Reynaga complained verbally (in October 2009) and in writing (in December 2009) about the discrimination, harassment and retaliation. “Subsequently, Roseburg rearranged Branaugh’s schedule so that he would not be on the same shift as Efrain.” Nevertheless, in January 2010 Branaugh appeared on the same shift. The Reynagas vacated the workplace. They were suspended and then fired for work abandonment.

Reynaga sued Roseburg for hostile work environment, disparate treatment, and retaliation under Title VII, § 1981, and Oregon state law (O.R.S. § 659A.030(1)(a) and (b)). summary judgment was granted on all claims.

The Ninth Circuit in a split decision reverses summary judgment on some of the claims.
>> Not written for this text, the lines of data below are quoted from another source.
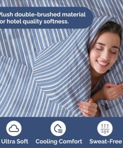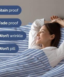 4. LIGERO Y TRANSPIRABLE: Nuestras fundas de edredón y fundas de almohada ligeras son frescas y transpirables, garantizando una experiencia de sueño fresca y cómoda durante todo el año. ¡Nuestros juegos de fundas de edredón certificados por OEKO Tex te permiten despertarte sintiéndote renovado sabiendo que tus sábanas son tan suaves con el planeta como contigo!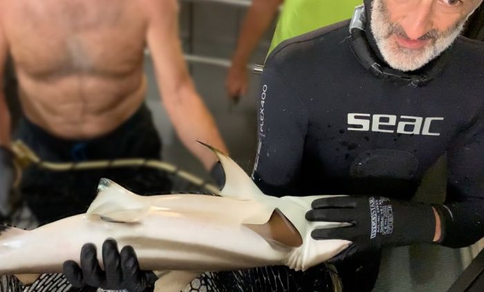 Da bi sve dobro prošlo i kako životinja tako i negovatelji ostali nepovređeni primenjena je neka vrsta hipnoze da bi se morski pas umirio. Pritom je aktiviran imobilizujući refleks koji nastaje dodirom njuške.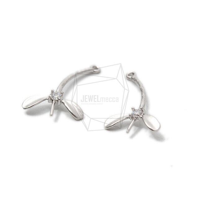 PDT-2252-MR/2pcs/CZ Flower Branch Charm/13mm x 23mm/Matt Rhodium Plated Over Brass
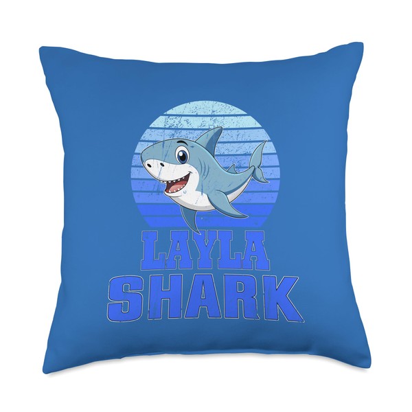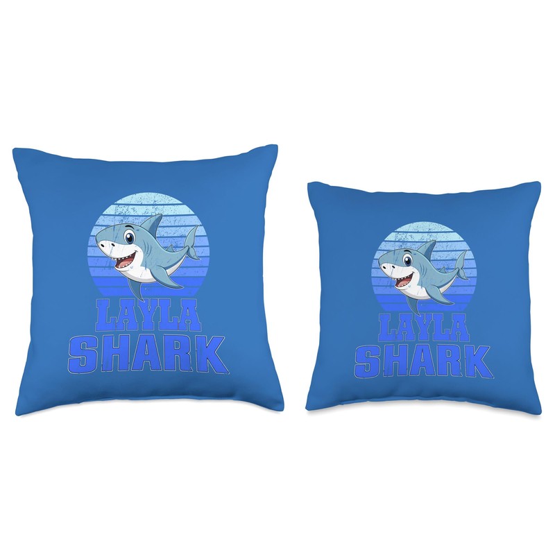 Layla Shark Family Reunion Squad First Last Name Throw Pillow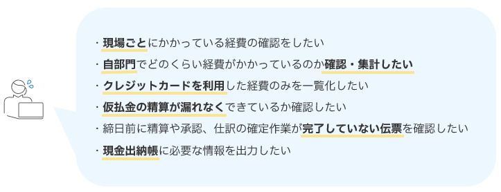 ▶現場ごとや内訳ごとなどの特定の条件において発生している経費を集計したい ▶自部門でどのくらい経費が発生しているのか確認・集計したい ▶クレジットカードを利用した経費のみを一覧化したい ▶事前に支払った仮払金の事後精算の漏れがないか確認したい ▶締日前などに精算や承認、仕訳の確定作業が完了していない伝票を確認したい ▶現金出納帳に必要な情報を出力したい |

On the harassment claim, that panel majority holds that There were genuine disputes of material fact on whether the harassment was severe or pervasive, and whether the employer took adequate action to correct it. The majority holds that a jury could find the accumulation of Branaugh’s “explicit racial and national origin comments in the workplace” were hostile and derogatory. Conditions were so objectively severe that Roseburg had to separate the employees.
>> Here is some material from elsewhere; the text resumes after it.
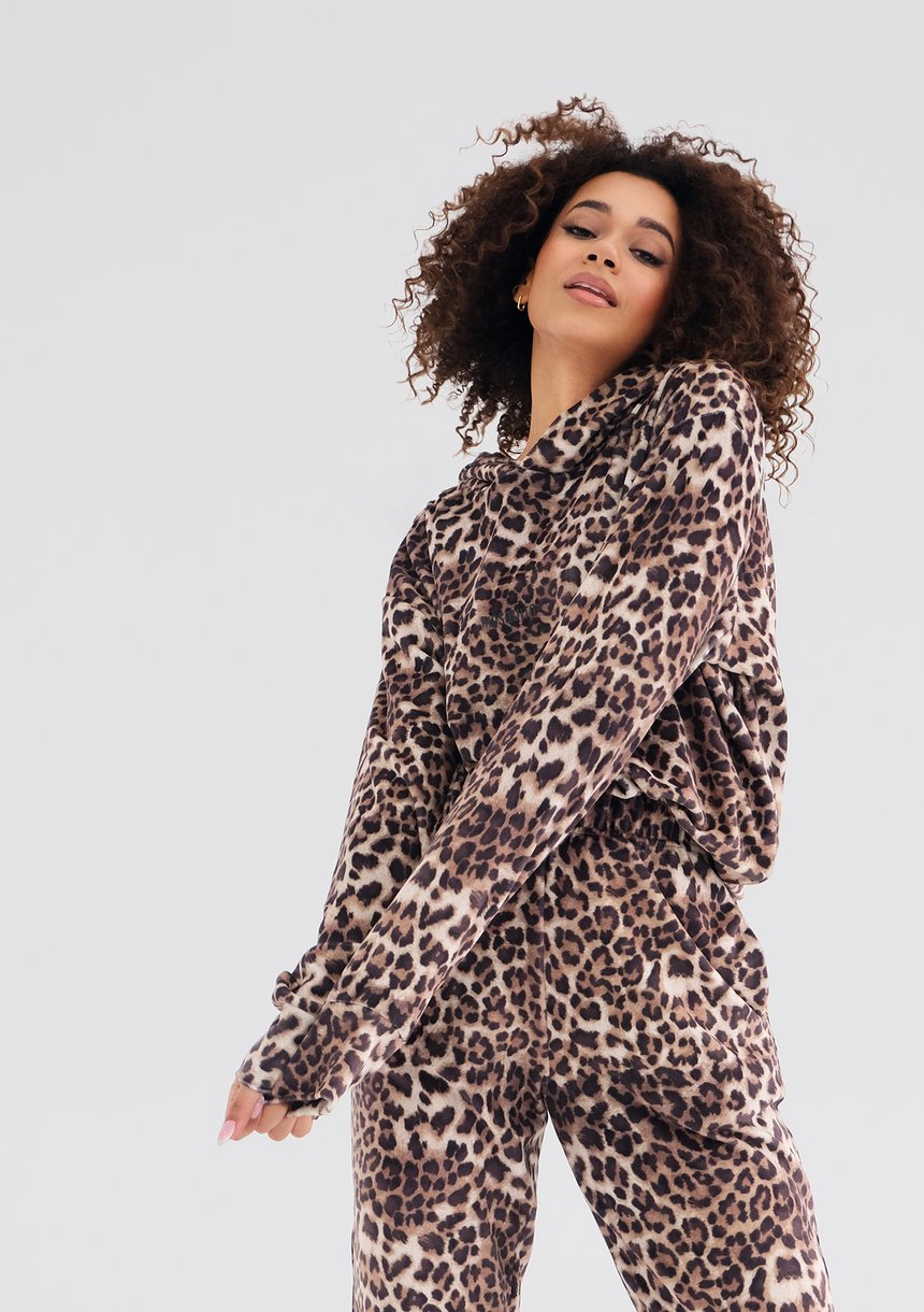 Brązowe spodnie dresowe wykonane w polskiej szwalni z aksamitnej dzianiny velvet. Model ze stylowym wzorem cętek.

The majority also holds that a jury could find Roseburg negligent in responding, allegedly waiting nearly two months after the first verbal complaint to take action and never giving Branaugh any kind of formal discipline. (Judge Carlos Bea dissented on this point, and would hold that the employer took prompt and effective corrective action against Branaugh’s harassment, by commencing an investigation a week after the written complaint and separating the employees.)

On the discriminatory discharge claim, the panel majority holds that There was a genuine dispute of material fact about whether white employees, unlike plaintiff, were spared termination when they engaged in workplace violations (in particular, Branaugh was not terminated for his racial harassment of plaintiff). Although the plaintiff admitted that he left the worksite and refused to return to work, “Roseburg … conditioned Efrain’s employment on his willingness to work with a coworker who had a proven history of repeatedly and persistently harassing Efrain based on his race and national origin.” (Judge Bea dissented from this part of the opinion as well.)
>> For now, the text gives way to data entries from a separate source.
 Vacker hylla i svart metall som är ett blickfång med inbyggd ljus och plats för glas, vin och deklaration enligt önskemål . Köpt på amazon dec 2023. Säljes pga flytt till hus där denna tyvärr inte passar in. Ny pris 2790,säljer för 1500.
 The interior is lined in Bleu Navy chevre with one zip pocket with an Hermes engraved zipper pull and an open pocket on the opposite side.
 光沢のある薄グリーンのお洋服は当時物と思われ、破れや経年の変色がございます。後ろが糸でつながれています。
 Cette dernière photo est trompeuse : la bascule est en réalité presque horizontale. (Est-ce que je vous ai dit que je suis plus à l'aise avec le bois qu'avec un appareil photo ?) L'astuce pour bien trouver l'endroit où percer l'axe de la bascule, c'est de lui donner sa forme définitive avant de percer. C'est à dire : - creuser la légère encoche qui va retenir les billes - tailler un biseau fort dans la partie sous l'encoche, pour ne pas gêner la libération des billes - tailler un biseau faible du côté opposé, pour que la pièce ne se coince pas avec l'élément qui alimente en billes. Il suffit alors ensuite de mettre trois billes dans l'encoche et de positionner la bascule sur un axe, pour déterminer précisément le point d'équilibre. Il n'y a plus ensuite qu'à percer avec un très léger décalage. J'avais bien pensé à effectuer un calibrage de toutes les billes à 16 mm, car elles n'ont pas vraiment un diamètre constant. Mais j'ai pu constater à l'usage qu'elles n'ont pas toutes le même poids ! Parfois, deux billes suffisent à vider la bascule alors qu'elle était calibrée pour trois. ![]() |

The unanimous panel reverses summary judgment on the disparate treatment of the plaintiff and a white employee on the breaking and searching of lockers. Allegedly, a drug-sniffing dog approached two lockers, those of plaintiff and a white coworker named Martin. The company broke into plaintiff’s locker. While the “dogs alerted to the locker of a white co-worker,” There was no indication that his locker was ever searched, let alone broken into.

The panel holds that the invasion of plaintiff’s locker was an adverse action:

“He has also shown that he suffered an adverse employment action; Roseburg’s act of breaking into Efrain’s locker without notice materially affected the terms, conditions, or privileges of Efrain’s employment because it was a ‘substantial interference with work facilities important to the performance of the job.'”

Finally, the panel majority holds that a jury could find plaintiff’s termination was retaliatory.

“Efrain’s prima facie case is strong, particularly in light of the timing of the termination. Efrain had worked at Roseburg for more than five years, yet he was fired barely one month after making a formal written complaint. Proof of a causal link between Efrain’s complaint and his termination-as evidenced by temporal proximity-is certainly relevant to an evaluation of pretext.”

The panel majority considers it to be relevant that the plaintiff’s termination for missing one-and-a-half shifts was widely out of proportion to “Roseburg’s benign treatment of Branaugh.”